Exercise description = Only the lines from the one with "했던 것으로 기억합니다." through the end of the material are wanted, copied exactly and with the pictures left out.

Source material =
────

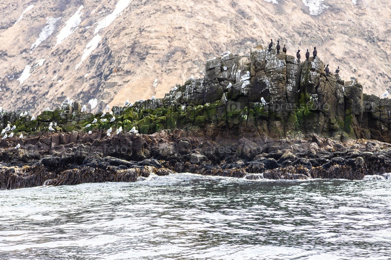 Успокаивающие птицы-гильмоты на побережье залива Авачха
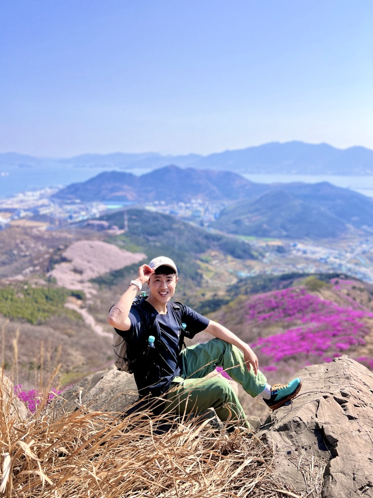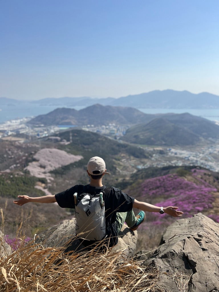🔺저는 진달래가 절정인 시기에 방문하지는 않고 떨어질 무렵에 방문하였지만, 위 사진의 진달래 능선과 벚꽃 군락지를 배경삼아 많은 사람들이 일몰과 일출 사진을 찍곤합니다. 보통 사람들이 찍은 일출,일몰 사진을 보면 정말 예술인데, 저는 영취산을 방문한 이후에 알게되어 참 아쉬움이 많이 남기도 했던 것으로 기억합니다.
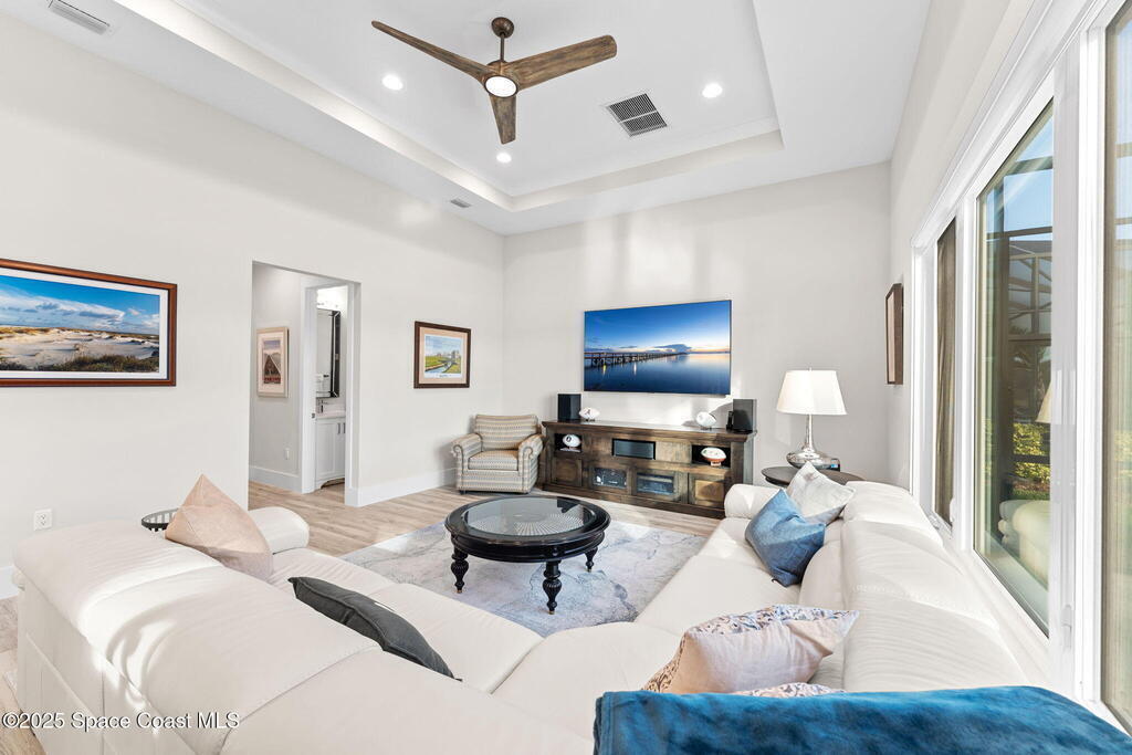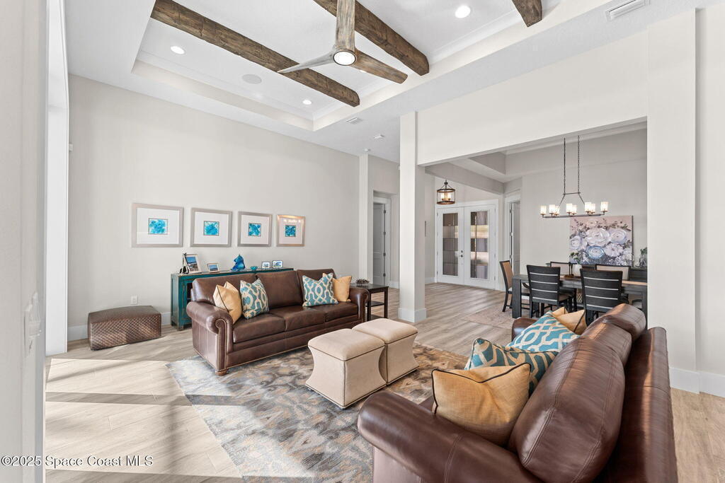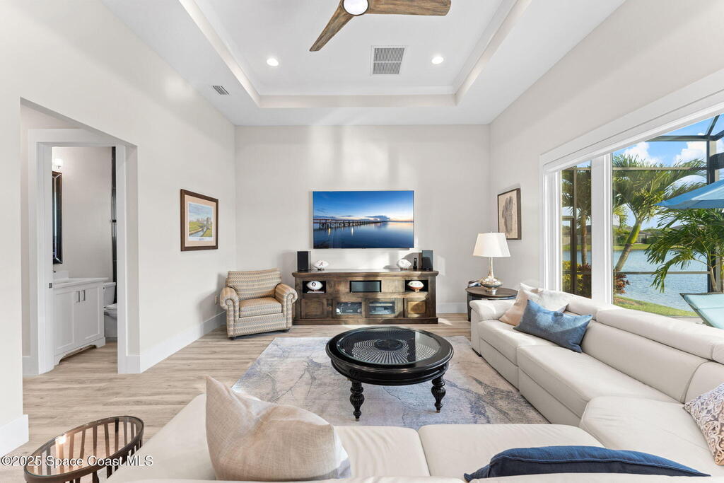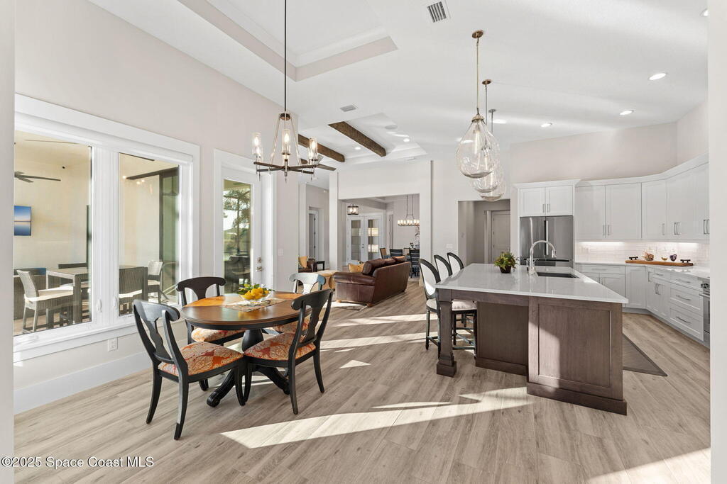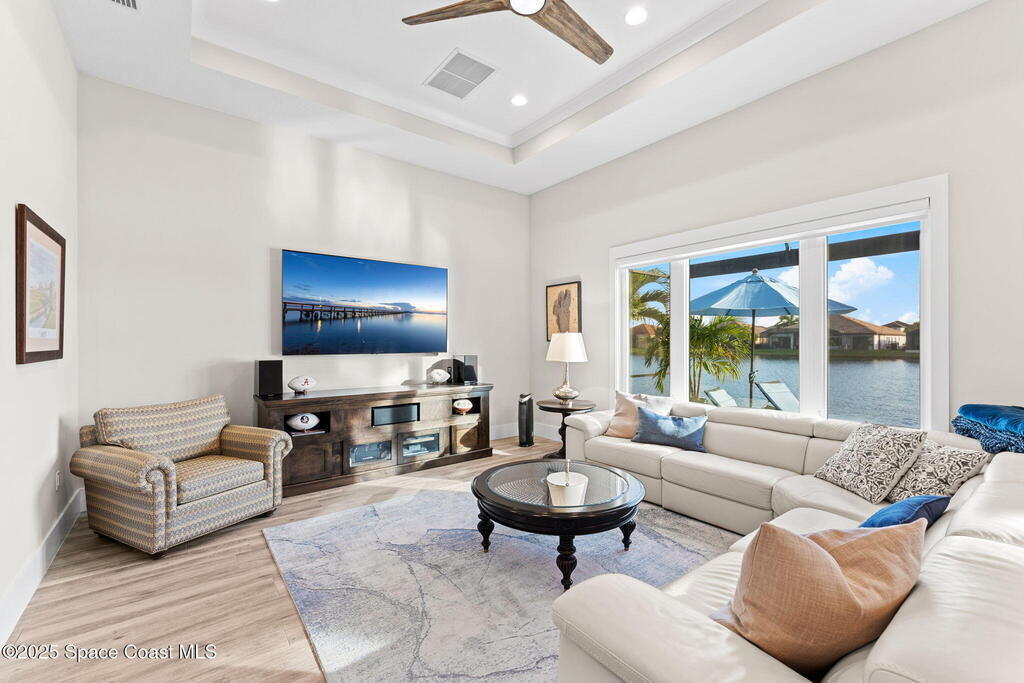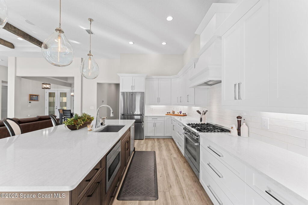 Experience this stunning Santa Rosa floor plan home featuring 3 bedrooms, a study, 3 baths, and a spacious 3-car garage. Built by one of Brevard's most reputable long-standing builders, this residence showcases quality throughout with 8' sliders, an elegant front door, wood-look porcelain tile flooring, a tile roof, soaring 10' ceilings, and tray ceilings. The gourmet kitchen offers 42'' cabinetry, a large island, quartz countertops, tile backsplash, a pantry, and upgraded stainless-steel appliances. The open layout includes two living areas filled with natural light from expansive sliders leading to the impressive screened outdoor oasis. Enjoy a resort-style pool with sun shelf, built-in loungers, tile accents, and a spacious travertine deck perfect for entertaining. The covered lanai features multiple seating areas, ceiling fans, and a full outdoor kitchen with a built-in grill. Gas is pre-piped to the lanai for easy outdoor cooking.

────

Answer box =
🔺저는 진달래가 절정인 시기에 방문하지는 않고 떨어질 무렵에 방문하였지만, 위 사진의 진달래 능선과 벚꽃 군락지를 배경삼아 많은 사람들이 일몰과 일출 사진을 찍곤합니다. 보통 사람들이 찍은 일출,일몰 사진을 보면 정말 예술인데, 저는 영취산을 방문한 이후에 알게되어 참 아쉬움이 많이 남기도 했던 것으로 기억합니다.
 Experience this stunning Santa Rosa floor plan home featuring 3 bedrooms, a study, 3 baths, and a spacious 3-car garage. Built by one of Brevard's most reputable long-standing builders, this residence showcases quality throughout with 8' sliders, an elegant front door, wood-look porcelain tile flooring, a tile roof, soaring 10' ceilings, and tray ceilings. The gourmet kitchen offers 42'' cabinetry, a large island, quartz countertops, tile backsplash, a pantry, and upgraded stainless-steel appliances. The open layout includes two living areas filled with natural light from expansive sliders leading to the impressive screened outdoor oasis. Enjoy a resort-style pool with sun shelf, built-in loungers, tile accents, and a spacious travertine deck perfect for entertaining. The covered lanai features multiple seating areas, ceiling fans, and a full outdoor kitchen with a built-in grill. Gas is pre-piped to the lanai for easy outdoor cooking.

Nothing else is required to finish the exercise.